Cardiology > Dilated cardiomyopathy

Background

Dilated cardiomyopathy (DCM) is a myocardial disorder characterized by dilation and impaired contraction of one or both ventricles, most commonly the left. This leads to systolic dysfunction and often presents with symptoms of heart failure, arrhythmias, or thromboembolic events. DCM can be idiopathic or secondary to genetic mutations, infections, toxins, or systemic diseases. 

II) Classification/Types

By Etiology: 

• • Idiopathic (Primary): No identifiable cause; often presumed genetic 

• • Familial/Genetic: Mutations in sarcomeric, cytoskeletal, or nuclear envelope proteins 

• • Infectious: Viral myocarditis (e.g., Coxsackievirus), Chagas disease 

• • Toxic: Alcohol, cocaine, anthracyclines (e.g., doxorubicin), chemotherapy 

• • Metabolic: Hypothyroidism, thiamine deficiency, hemochromatosis 

• • Autoimmune/Inflammatory: Sarcoidosis, SLE 

• • Peripartum: Occurs in late pregnancy or postpartum 

• • Tachycardia-induced: From chronic uncontrolled arrhythmias 

• • Ischemic: Extensive coronary artery disease with prior myocardial infarction 

By Morphology: 

• • Dilated: Enlarged ventricular chambers with reduced ejection fraction 

• • Restrictive or Mixed Phenotypes: May overlap with other cardiomyopathy types in advanced cases 

By Severity (LVEF-based): 

• • Mild DCM: LVEF 45–50% 

• • Moderate DCM: LVEF 35–45% 

• • Severe DCM: LVEF <35% 

III) Pathophysiology 

DCM results from myocardial injury leading to myocyte death, wall thinning, and chamber dilation. This causes reduced systolic function, neurohormonal activation (RAAS, SNS), and progressive ventricular remodeling. It may also impair valve function (e.g., secondary mitral or tricuspid regurgitation), promote arrhythmias, and increase the risk of thromboembolism due to stasis. 

IV) Epidemiology

• • Sex: More common in men 

• • Age: Typically presents between ages 20–60 

• • Geography: Chagas endemic in Latin America; other causes worldwide 

• • Comorbidities: Hypertension, alcohol use, viral infections, genetic disorders 

Etiology

I) Causes

• • Idiopathic (~50% of cases) 

• • Genetic mutations (e.g., TTN, LMNA, MYH7) 

• • Myocarditis (viral, Chagas) 

• • Alcohol abuse 

• • Chemotherapy (e.g., doxorubicin) 

• • Postpartum state (peripartum cardiomyopathy) 

• • Tachyarrhythmias (e.g., atrial fibrillation, atrial flutter) 
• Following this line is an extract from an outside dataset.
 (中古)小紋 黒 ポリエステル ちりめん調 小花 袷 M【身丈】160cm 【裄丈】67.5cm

• • Endocrinopathies (e.g., hypothyroidism) 

• • Nutritional deficiencies (e.g., thiamine) 

• • Connective tissue diseases 

• • Hemochromatosis or amyloidosis (infiltrative overlap) 

II) Risk Factors

• • Family history of cardiomyopathy or sudden cardiac death 

• • Alcohol or illicit drug use (especially cocaine) 

• • Prior viral illness 

• • Chemotherapy or radiation 

• • Autoimmune diseases 

• • Pregnancy (especially multiparous women) 
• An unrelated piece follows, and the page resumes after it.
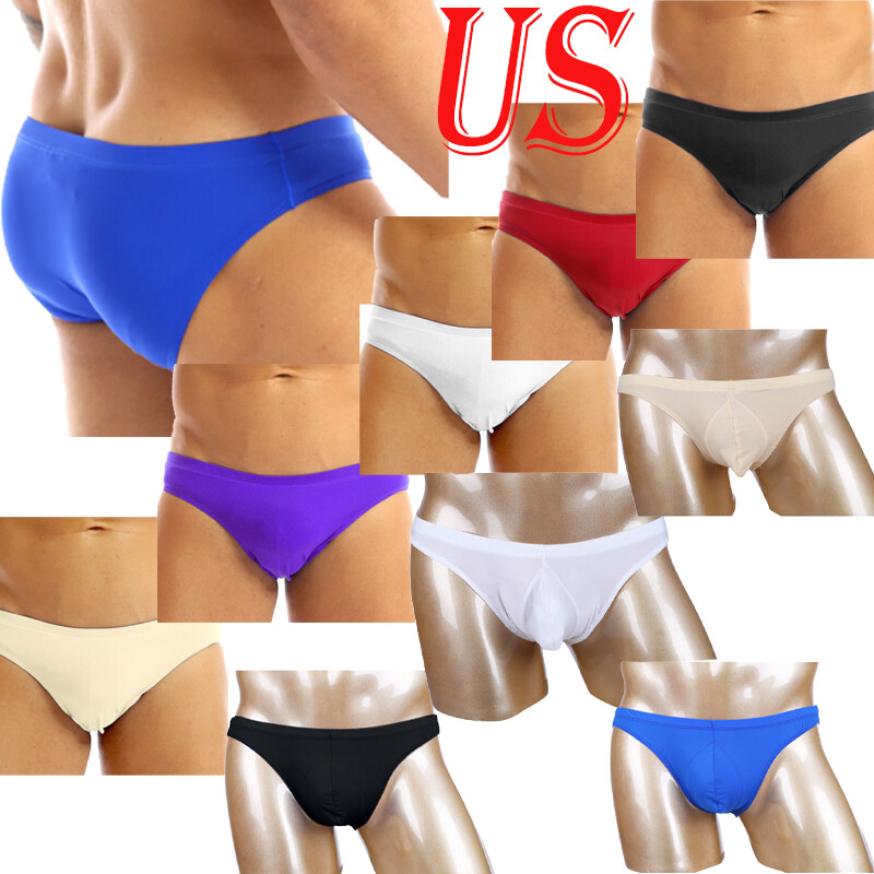 US Men Ice Silk Bikini Briefs Soft Shorts Bottoms Lingerie Underwear Sleepwear

• • Uncontrolled arrhythmias 

• • Nutritional deficiency or malabsorption 

Clinical Presentation

I) History (Symptoms)

• • Fatigue, weakness 

• • Dyspnea on exertion, orthopnea, PND 

• • Peripheral edema, weight gain 

• • Palpitations or syncope (due to arrhythmias) 

• • Chest discomfort (not usually exertional) 

• • History of viral illness or alcohol use 

• • Sudden cardiac arrest (in familial cases) 

II) Physical Exam (Signs)

Vital Signs: 

• • Tachycardia 

• • Hypotension (in advanced disease) 

Cardiac Exam: 

• • Displaced, diffuse apical impulse 

• • S3 gallop (due to volume overload) 

• • Murmurs of mitral or tricuspid regurgitation (secondary) 

Pulmonary: 

• • Crackles or rales in pulmonary congestion 

• • Decreased breath sounds in pleural effusion 

Peripheral: 

• • Elevated JVP 

• • Pitting edema 

• • Ascites in right-sided involvement 

Differential Diagnosis (DDx)

• • Ischemic cardiomyopathy 

• • Restrictive cardiomyopathy 

• • Hypertrophic cardiomyopathy 

• • Pericardial diseases (e.g., constrictive pericarditis) 

• • Valvular heart disease 

• • High-output heart failure (e.g., anemia, thyrotoxicosis) 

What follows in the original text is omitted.